Но он так никогда и не понял, почему в эти минуты предвкушения последней встречи перед ним всегда являлся какой-то образ, связанный с Фидлерсборо, с каким-то пустячным событием того лета, когда они мечтали о поездке в Мексику.
В этом особенном свете, который излучало парящее над ними видение Мексики, и пролетало лето. В конце недели собирались гости. Захаживали и местные жители, приезжали инженеры из Кентукки. Раз в две недели Мэгги проводила у них субботу и воскресенье. Калвин посещал их трижды и в первый приезд с трудом скрыл свою радость, услышав, что в будущем году будет жить здесь с Мэгги вдвоём.
— Чёрт возьми, о чём тут говорить? — сказал Бред. — Ваше с Мэгги дело — нарожать полный дом детишек. Я подумываю, не построить ли нам там, в горах, возле источника, нечто вроде сторожки. Домик, который можно запереть и уйти.
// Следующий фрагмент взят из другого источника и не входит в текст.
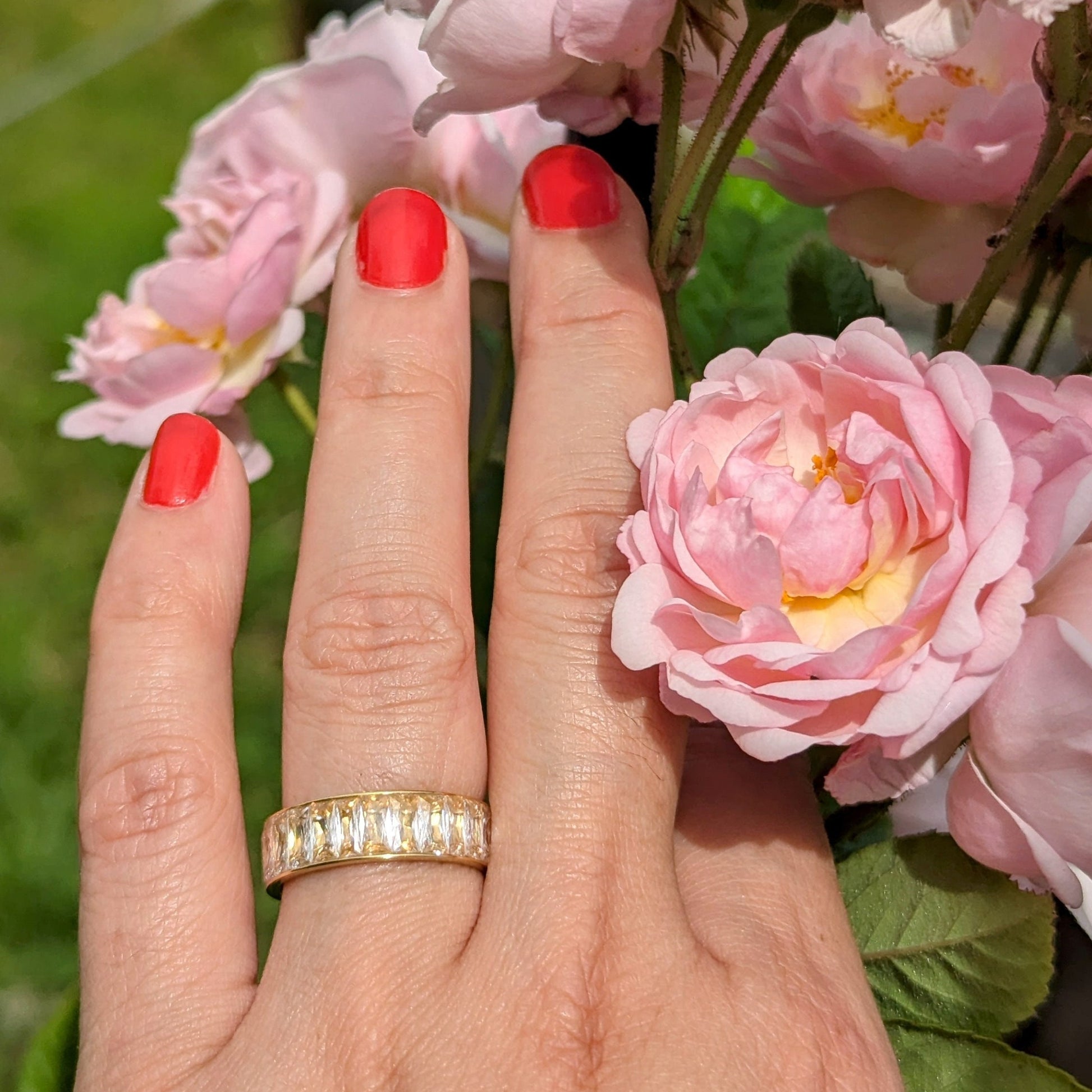 Zirkonia sind hochwertige, synthetisch hergestellte Diamanten. Sie faszinieren durch ihre Brillanz und Langlebigkeit, die natürlichen Steinen in nichts nachsteht, dabei aber unethische Abbaubedingungen vermeidet. Für einen besonders angenehmen Tragekomfort ist die Innenseite des Rings leicht gewölbt. Der Ring hat eine Stärke von circa 2 mm.
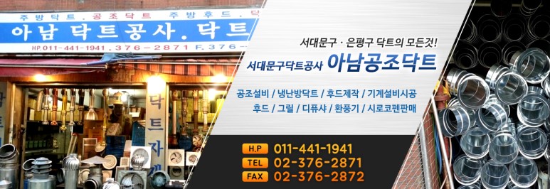 안녕하세요. 서울시 서대문구에 위치한 저희 아남공조닥트는 닥트 시공 및 냉난방 공조 전문 업체로서
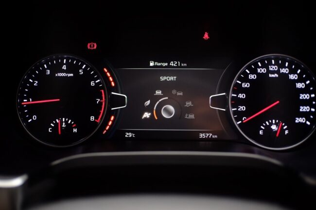 Yang terakhir adalah drive dan traction mode. Sama dengan varian EX Plus, di Kia GT Line juga sudah dibenamkan. Untuk modus berkendara yang dipilih adalah Normal, Eco, dan Sport. Nah khusus untuk opsi Sport, ketika memilih drive mode ini secara otomatis tampilan di panel instrumen juga akan berubah, visualnya akan lebih racy dengan ornamen merah serta adanya informasi RPM yang unik.
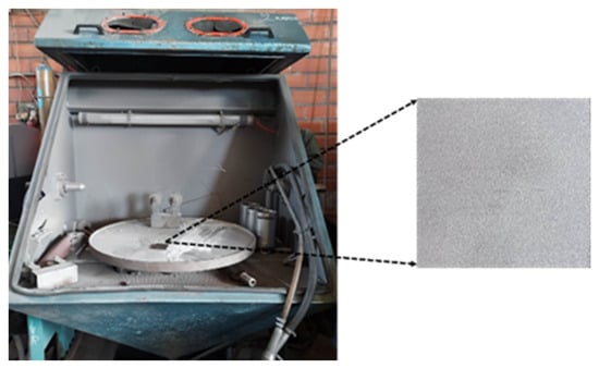 The Plasma Spray (PS) technique was utilized to coat various powders with different parameters. The substrates in all applications were steel (S235) samples (50 × 50 × 6.25 mm), which underwent sandblasting (using Al2O3), with pressure 6-8 bar and a duration of 10–15 s to ensure thorough cleaning (refer to Figure 2) and were sprayed with a NiC-Al layer to enhance the adhesion of the coatings.

Были у них и водные лыжи, джин с тоником, покер, бридж. Они ловили рыбу, уходили в болота. Иногда просто часами смотрели на Фидлерсборо, словно не могли на него наглядеться перед разлукой.
Они даже работали. Он прилежно писал рассказ, который мог вырасти в роман, она делала наброски на болоте и рисовала Лупоглазого. Задумала написать его портрет. Он приходил в дом, часами сидел на террасе на корточках, лишь иногда протягивая руку за стаканом виски с водой. Машинально обтерев край рукавом, как вытирают носик кувшина, когда его пускают по кругу, он неторопливо отхлёбывал виски, ставил стакан на пол между ног и снова замирал в неподвижности, как лесная протока в тени, не тронутая ветром.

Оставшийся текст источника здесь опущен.